● Supplied information:

^^^^

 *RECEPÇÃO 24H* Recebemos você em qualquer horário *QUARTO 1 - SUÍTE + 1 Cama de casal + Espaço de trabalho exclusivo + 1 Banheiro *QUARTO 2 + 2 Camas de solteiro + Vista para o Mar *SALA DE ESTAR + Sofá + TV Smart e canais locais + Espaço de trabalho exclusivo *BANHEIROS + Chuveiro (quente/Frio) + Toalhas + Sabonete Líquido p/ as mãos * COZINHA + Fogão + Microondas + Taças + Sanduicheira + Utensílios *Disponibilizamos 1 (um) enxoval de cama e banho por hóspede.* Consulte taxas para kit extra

^^^^

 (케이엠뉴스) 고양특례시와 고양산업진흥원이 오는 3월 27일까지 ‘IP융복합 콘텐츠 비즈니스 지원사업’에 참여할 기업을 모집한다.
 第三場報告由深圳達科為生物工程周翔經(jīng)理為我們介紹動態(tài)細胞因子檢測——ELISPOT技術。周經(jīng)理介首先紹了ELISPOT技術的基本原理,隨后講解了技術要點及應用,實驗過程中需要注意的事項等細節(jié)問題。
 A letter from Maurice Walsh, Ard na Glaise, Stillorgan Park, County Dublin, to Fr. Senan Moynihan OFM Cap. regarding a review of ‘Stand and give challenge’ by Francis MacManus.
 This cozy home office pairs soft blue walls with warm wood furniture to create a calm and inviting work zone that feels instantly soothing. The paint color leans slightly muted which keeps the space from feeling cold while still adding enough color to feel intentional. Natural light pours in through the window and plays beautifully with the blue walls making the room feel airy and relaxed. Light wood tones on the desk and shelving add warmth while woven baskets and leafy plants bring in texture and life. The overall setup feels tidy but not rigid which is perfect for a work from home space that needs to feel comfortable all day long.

^^^^

● What is expected:
Output the lines of the records above exactly as they appear, from the line containing "(케이엠뉴스) 고양특례시와 고양산업진흥원이" through the line containing "This cozy home".

● Answer section:
 (케이엠뉴스) 고양특례시와 고양산업진흥원이 오는 3월 27일까지 ‘IP융복합 콘텐츠 비즈니스 지원사업’에 참여할 기업을 모집한다.
 第三場報告由深圳達科為生物工程周翔經(jīng)理為我們介紹動態(tài)細胞因子檢測——ELISPOT技術。周經(jīng)理介首先紹了ELISPOT技術的基本原理,隨后講解了技術要點及應用,實驗過程中需要注意的事項等細節(jié)問題。
 A letter from Maurice Walsh, Ard na Glaise, Stillorgan Park, County Dublin, to Fr. Senan Moynihan OFM Cap. regarding a review of ‘Stand and give challenge’ by Francis MacManus.
 This cozy home office pairs soft blue walls with warm wood furniture to create a calm and inviting work zone that feels instantly soothing. The paint color leans slightly muted which keeps the space from feeling cold while still adding enough color to feel intentional. Natural light pours in through the window and plays beautifully with the blue walls making the room feel airy and relaxed. Light wood tones on the desk and shelving add warmth while woven baskets and leafy plants bring in texture and life. The overall setup feels tidy but not rigid which is perfect for a work from home space that needs to feel comfortable all day long.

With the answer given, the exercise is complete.